Если бы чудом воскрес и вышел из кукурузы доктор Жук, если бы добрел до Европы, избегая застав и ночуя в стогах, подслеповато щурясь, озираясь в поисках расслабленных, требующих немедленной поддержки, – он бы, наверно, рехнулся. Дик и страшен лик свободы для того, кто пропустил два поколения. Долой искусство, да здравствует природа, порвем оковы и ботинки! Вместо молодых, приличных женщин – таборы босоногих цыганок, табуны мотоциклетных менад. Вместо платьев – ночные сорочки, вместо шляп – волосы, волосы, волосы. Распущенные, висящие, болтающиеся, развевающиеся на ветру. В моде – простое солнце в волосах, белые зубы. В моде – огонь и горы, кочевья, привалы, кибитки, бубны, бусы из конских каштанов и арбузных косточек, индейцы и индусы, грибы и трава, длинные серьги, длинные плетеные ленты. Шляпу носят старухи да перуанки.

Шляпа умерла, да здравствует шляпа! Котелок, чалма, боливар, кика, капюшон, тюбетейка, кокошник, платок, ермолка, венец, феска, ушанка, треух, канотье, цилиндр, шапокляк, митра, шапка-кубанка, шапка-невидимка, чепец, колпак, шлык, картуз, повойник, капор, фуражка, сомбреро, пилотка, берет, пирожок, папаха, – надевай любую, примеряй и хохочи! Носи что хочешь, все разрешено, ничто не важно: притворяйся боярышней или ковбоем, эмиром бухарским или околотошным – все одинаково прекрасно, мир есть театр, жизнь – шарада.

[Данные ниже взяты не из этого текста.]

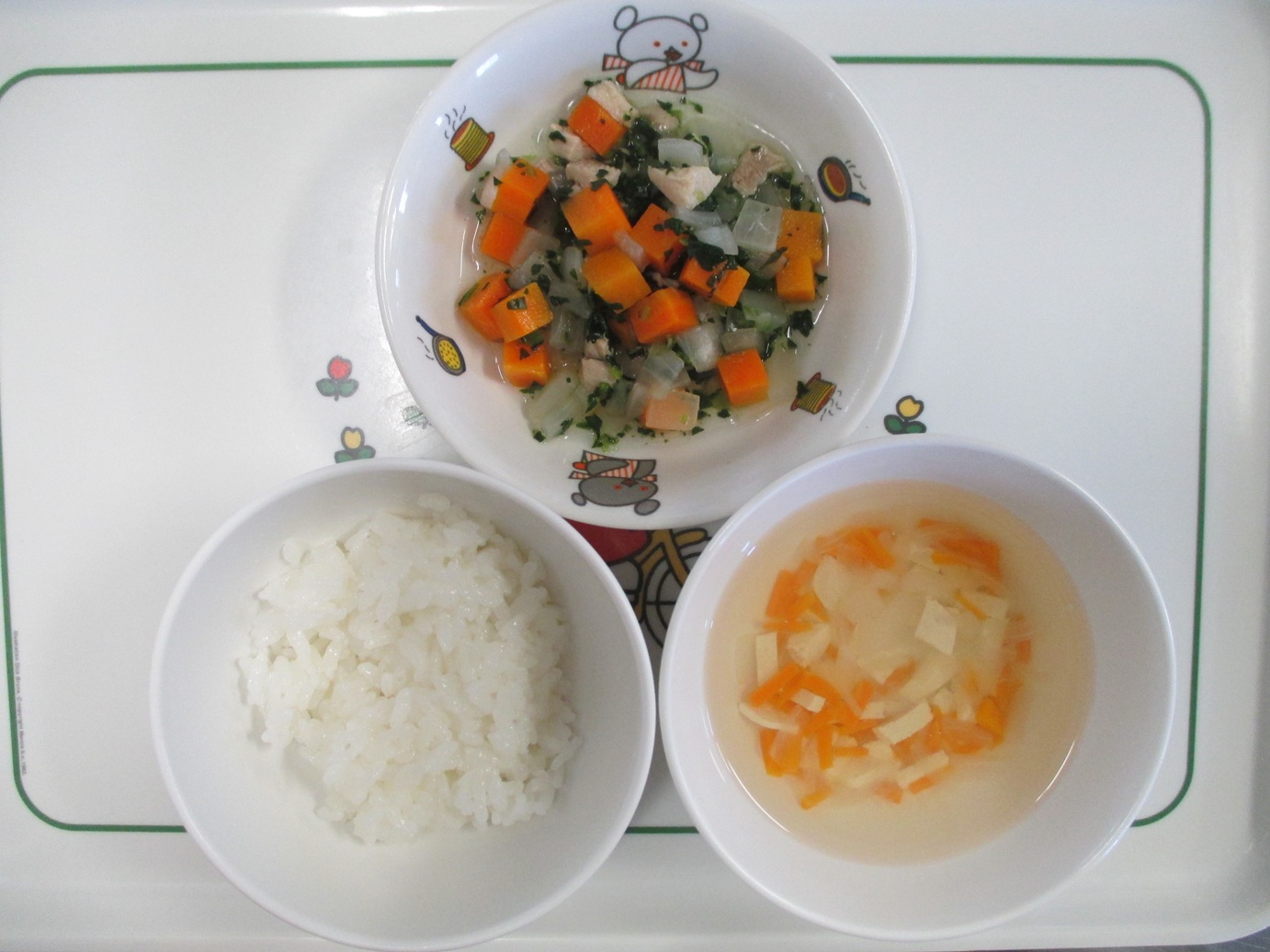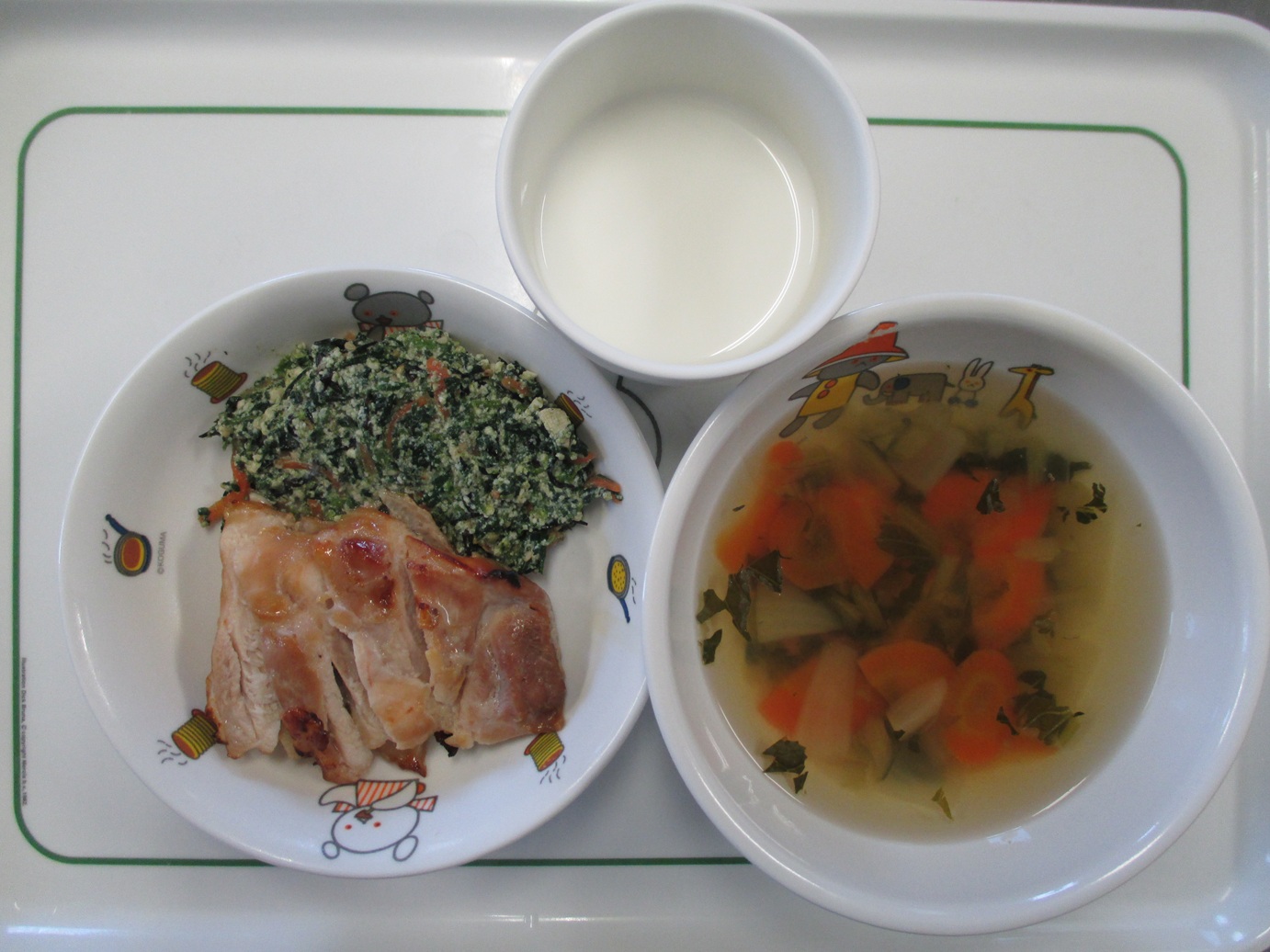 10月14日(火)から10月18日(土)までの給食献立写真・離乳食提供量と写真の一例です。

… В начале семидесятых годов, пыльным летним днем, когда город почти пуст, в троллейбусе, со щелканьем ползущем по Страстному бульвару к «Кропоткинской», часто, часто ездила сумасшедшая старуха. Я думаю, она просто каталась туда-сюда – я много раз ее видела. Когда я вскарабкивалась в троллейбус, уже нарочно, для издевательства чуть набиравший ход, – ведь интересно посмотреть, не упаду ли я, а остановить он всегда успеет, – когда, хватаясь за горячий поручень, привычно униженная, с тяжелыми авоськами я втягивалась и вваливалась внутрь, радуясь, что не до конца прищемлена в дверях, когда озиралась, запыхавшись, – сколько человек были свидетелями моего унижения? – меня встречал ее невидящий, благосклонный взгляд. С фальшиво-радостным изумлением, приятным случайному гостю, она приветствовала меня кивком головы, любезно глядя сквозь меня, в тот воображаемый, нетленный мир, где она до сих пор царила, никого особо не выделяя, никого не осуждая, всегда готовая поговорить о безусловно прекрасном, пустом, мимолетном, вроде погоды или цветов. Я проходила мимо, а она продолжала приветствовать то место в пространстве, которое только что занимала я, с тем же приятно-благосклонным светским равнодушием.

Она была большая женщина, широкая от старости, а не по природе; летнее платье, кремовое в букетиках, с короткими рукавами, надето было на нечистую ночную рубаху. Древнее, чешуйчатое от дряхлости лицо когда-то было белым; таким лицам идут черные брови, и старуха это крепко помнила. Широко, криво, неровно, дрожащей от паркинсонизма рукой она нарисовала себе эти брови, как делала это, привычно, без сомнений, семьдесят лет подряд, со времен первого поцелуя. Эта женщина, древняя как океан, пережила все геологические эры, не дрогнув, не струсив, не изменив, не покинув свой пост, подобно японскому солдату, верному императорской присяге.

На голове у нее было нечто вроде сиденья от плетеного стула, нечто, похожее на модель первого самолета, построенную пионером-двоечником, нечто, напоминающее старые бинты. Там, где сквозь бинты пробивалась проволока, они проржавели. Сбоку, прикрученная к проволоке черными нитками, раздавленная, но узнаваемая, висела цветущая яблоневая ветвь.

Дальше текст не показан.